Ce que contient la trame
| # | Partie | Ce qu'elle couvre |
|---|---|---|
| 0 | Identification et page de garde | Identification de la mission et de l'objet audité ; confidentialité, objectivité, transparence ; déclaration de compétence de l'auditeur (partie 5) |
| 1 | Cadre, champ et méthode | Contexte et objectifs ; champ et périmètre ; degré d'approfondissement ; méthodologie ; échantillonnage ; textes applicables ; parties concernées |
| 2 | Résumé | Situation en quelques chiffres ; actions principales ; synthèse situation / potentiel / investissement ; récapitulatif des actions ; programme de mise en œuvre |
| 3 | Données de base | Site et bâti ; raccordements et contrats ; historique des consommations ; occupation et facteurs influents ; exploitation et maintenance |
| 4 | Recueil et travail sur place | Réunion de démarrage ; données obtenues, manquantes et hypothèses ; analyse préliminaire ; plan de mesurage ; visites ; liste de contrôle |
| 5 | Audit des systèmes | Chauffage ; ECS et eau ; ventilation ; froid ; électricité et éclairage ; enveloppe ; GTB ; usages particuliers |
| 6 | Analyse | Niveaux de service constaté / requis ; répartition par vecteur puis par usage ; bilan et calage du modèle ; indicateurs ; situation de référence ; performance d'ensemble ; revue des contrats |
| 7 | Actions d'amélioration | Hypothèses économiques ; une partie par système ; renouvelables ; comportement ; interactions et ordre ; évaluation économique et aides ; effet sur le confort et les certificats |
| 8 | Mesurage et vérification | Méthodes de vérification par action ; signature énergétique et normalisation climatique |
| 9 | Conclusions | Conclusions au regard des objectifs ; réunion de clôture et suites |
| 10 | Annexes | Pièces jointes au rapport |
Les 20 modèles de tableaux
Insérables en un clic dans n'importe quelle sous-partie. La trame en propose pour chacune, elle n'en impose aucun ; les colonnes se renomment, s'ajoutent et se suppriment, et un tableau vide de trois colonnes reste disponible pour le sur-mesure.
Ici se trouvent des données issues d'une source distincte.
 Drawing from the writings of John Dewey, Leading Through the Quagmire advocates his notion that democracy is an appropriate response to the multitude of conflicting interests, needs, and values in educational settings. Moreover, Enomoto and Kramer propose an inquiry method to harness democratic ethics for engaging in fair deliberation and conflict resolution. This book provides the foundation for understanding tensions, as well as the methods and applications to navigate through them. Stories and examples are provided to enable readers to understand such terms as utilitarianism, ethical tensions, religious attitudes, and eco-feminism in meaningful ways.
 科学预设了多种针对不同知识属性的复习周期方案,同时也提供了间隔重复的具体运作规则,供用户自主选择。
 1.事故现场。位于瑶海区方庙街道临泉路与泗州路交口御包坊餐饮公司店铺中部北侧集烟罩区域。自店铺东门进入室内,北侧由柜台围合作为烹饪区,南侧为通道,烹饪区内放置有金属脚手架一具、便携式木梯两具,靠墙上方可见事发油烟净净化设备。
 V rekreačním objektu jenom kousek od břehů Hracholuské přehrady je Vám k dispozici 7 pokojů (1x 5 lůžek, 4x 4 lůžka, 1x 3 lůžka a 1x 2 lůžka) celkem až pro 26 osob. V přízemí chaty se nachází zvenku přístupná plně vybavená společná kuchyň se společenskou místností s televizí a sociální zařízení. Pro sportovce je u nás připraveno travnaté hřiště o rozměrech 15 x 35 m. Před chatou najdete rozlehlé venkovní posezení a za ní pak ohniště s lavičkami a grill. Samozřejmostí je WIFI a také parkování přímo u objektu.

- Cadrage — identification de la mission ; parties concernées ; déclaration de compétence.
- Collecte — documents recueillis et leur fiabilité ; données manquantes et hypothèses ; comptage existant ; modifications des trois dernières années ; facteurs pertinents et statiques ; plan de mesurage.
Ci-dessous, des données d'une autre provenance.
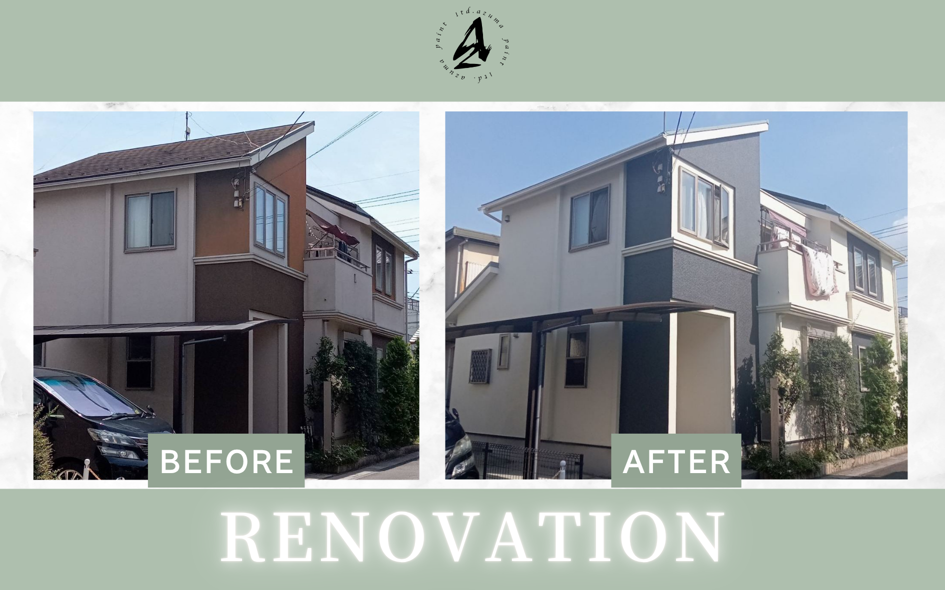関西ペイントのラグゼMUKIシリーズでアクセント塗分け塗装を鶴ヶ島市上広谷にて施工させていただきました!屋根は遮熱!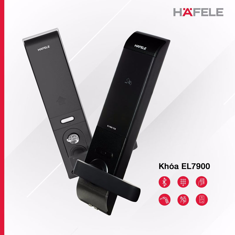 + Khóa điện tử Hafele DL7900 thân nhỏ với 4 cách mở: Bluetooth, thẻ từ, mã số và chìa cơ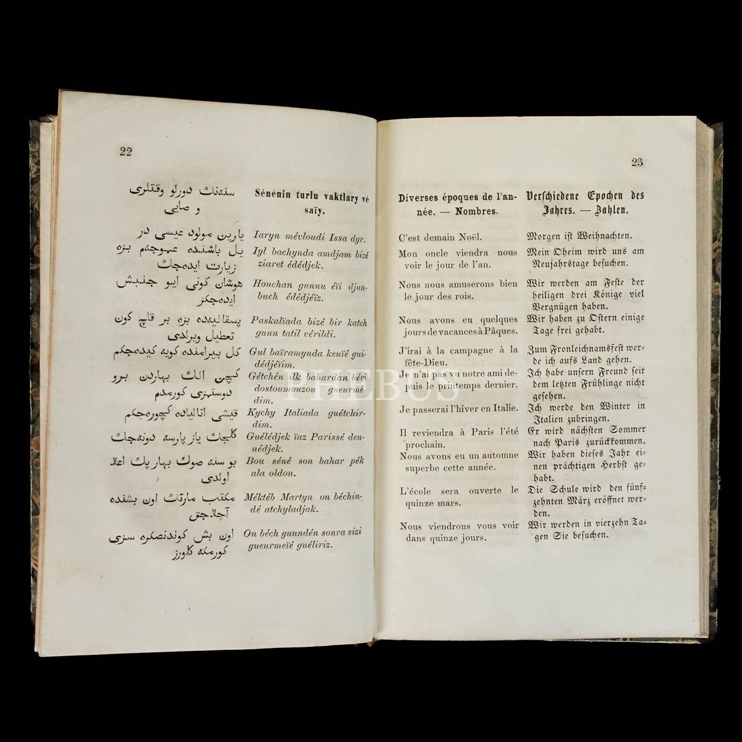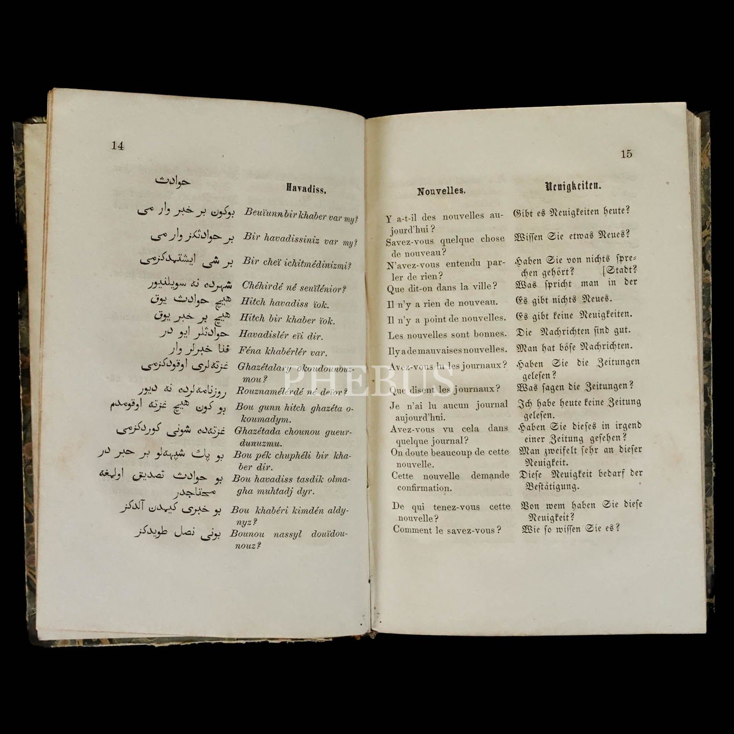Türk ve Fransız ve Alman Lisanlarından Müretteb Mükâleme Kitabı… Samuel Katırcıyan adlı bir Ermeni rahip tarafından hazırlanan bu eser; Fransızca - Almanca - Osmanlıca (ve Latin harfleriyle yazılmış Türkçe) dillerinde hava durumu, yeme - içme, mektup yazma, posta işleri, seyahat, avcılık, tiyatro, satranç, kâğıt oyunları, ticaret, yol sormak, besleme tutmak gibi konu başlıklarında ve doktor, aşçı, kunduracı, kitapçı - mücellit, berber gibi mesleklerde gerekli olabilecek pratik diyalogları içerir. *Döneminin deri sırtlı, orijinal cildi içinde...

- Terrain — trois listes de contrôle : travail sur place (55 points), lieux à visiter, pistes d'actions à balayer.
- Analyse — répartition par vecteur ; par usage ; indicateurs de performance ; niveaux de service constaté / requis.
- Décision — récapitulatif des actions ; synthèse situation / potentiel / investissement ; programme de mise en œuvre ; mesurage et vérification.
Limites connues
- L'outil ne calcule rien et ne vérifie aucune valeur. Il n'additionne pas les économies, ne contrôle pas qu'un total retombe sur une facture, ne détecte pas une incohérence d'unité. Il rappelle qu'il faut le faire.
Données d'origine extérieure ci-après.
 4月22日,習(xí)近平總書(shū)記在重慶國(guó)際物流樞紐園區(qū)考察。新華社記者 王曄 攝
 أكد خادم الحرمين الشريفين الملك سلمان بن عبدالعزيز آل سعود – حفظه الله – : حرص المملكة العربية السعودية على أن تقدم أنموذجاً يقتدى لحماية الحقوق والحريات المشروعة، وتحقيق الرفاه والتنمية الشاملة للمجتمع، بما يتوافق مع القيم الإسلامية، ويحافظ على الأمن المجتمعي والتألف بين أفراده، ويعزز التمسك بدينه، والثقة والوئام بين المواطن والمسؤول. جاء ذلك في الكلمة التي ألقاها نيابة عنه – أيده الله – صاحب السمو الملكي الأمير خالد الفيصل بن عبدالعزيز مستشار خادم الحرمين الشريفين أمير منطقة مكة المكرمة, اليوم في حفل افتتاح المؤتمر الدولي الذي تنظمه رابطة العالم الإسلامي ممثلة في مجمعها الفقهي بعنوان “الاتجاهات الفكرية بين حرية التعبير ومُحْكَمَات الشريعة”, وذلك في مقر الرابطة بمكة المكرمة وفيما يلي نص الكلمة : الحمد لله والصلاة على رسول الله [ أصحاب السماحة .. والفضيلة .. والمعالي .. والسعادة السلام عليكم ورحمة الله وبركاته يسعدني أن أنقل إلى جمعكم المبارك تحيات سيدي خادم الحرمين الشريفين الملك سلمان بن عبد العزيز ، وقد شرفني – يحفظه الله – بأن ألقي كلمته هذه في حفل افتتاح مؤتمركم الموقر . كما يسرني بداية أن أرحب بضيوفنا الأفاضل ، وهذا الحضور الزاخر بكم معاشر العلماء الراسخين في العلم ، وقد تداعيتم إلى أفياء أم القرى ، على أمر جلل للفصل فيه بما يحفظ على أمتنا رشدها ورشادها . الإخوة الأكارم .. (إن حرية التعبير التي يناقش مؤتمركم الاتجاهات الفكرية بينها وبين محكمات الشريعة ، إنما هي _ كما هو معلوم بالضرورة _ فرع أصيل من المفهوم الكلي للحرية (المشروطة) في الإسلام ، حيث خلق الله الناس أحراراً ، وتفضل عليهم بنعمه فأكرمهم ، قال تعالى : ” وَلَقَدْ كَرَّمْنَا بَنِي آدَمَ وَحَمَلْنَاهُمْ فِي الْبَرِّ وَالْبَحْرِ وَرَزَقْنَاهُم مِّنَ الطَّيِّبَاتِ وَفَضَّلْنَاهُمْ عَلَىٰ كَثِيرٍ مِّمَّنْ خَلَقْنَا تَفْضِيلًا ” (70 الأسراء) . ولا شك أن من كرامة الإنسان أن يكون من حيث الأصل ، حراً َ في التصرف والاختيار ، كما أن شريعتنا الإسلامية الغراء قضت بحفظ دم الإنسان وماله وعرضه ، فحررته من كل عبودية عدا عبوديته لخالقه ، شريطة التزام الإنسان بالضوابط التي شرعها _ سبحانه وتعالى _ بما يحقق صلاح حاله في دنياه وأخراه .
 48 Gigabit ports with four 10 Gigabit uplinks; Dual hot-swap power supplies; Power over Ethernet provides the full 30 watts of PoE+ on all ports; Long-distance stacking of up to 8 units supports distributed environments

- Le panneau « parties attendues » n'est pas un certificat de conformité. Il compte des cases vides, rien de plus.
- Les rappels sont une reformulation. Ils ne dispensent pas de posséder et de lire la NF EN 16247-1, -2 et -5. Aucune partie de la norme n'est reproduite.
- Périmètre bâtiment uniquement. Les parties 3 (procédés) et 4 (transport) de la norme ne sont pas couvertes.
- Stockage local. Un seul audit en cours à la fois, dans le navigateur du poste de saisie. L'export JSON tient lieu de sauvegarde et de gestion multi-dossiers.
- Photographies. Redimensionnées à 1 400 px avant enregistrement, mais un reportage fourni peut saturer le stockage du navigateur — l'outil le signale alors explicitement au lieu de perdre les données en silence.
- Sur téléphone, les tableaux passent en mode cartes : la saisie reste entière, mais les intitulés de colonnes ne sont plus modifiables. La rédaction se fait confortablement sur ordinateur ou tablette ; le relevé sur site passe très bien sur téléphone.
- Pas d'export Word à ce stade : le livrable est le PDF d'impression.
La trame suit la NF EN 16247-2 d'octobre 2022, la NF EN 16247-1 d'août 2022 et la NF EN 16247-5 de juin 2015. Vérifier qu'aucune de ces versions n'a été remplacée avant de s'appuyer sur la trame pour une mission sous contrainte réglementaire.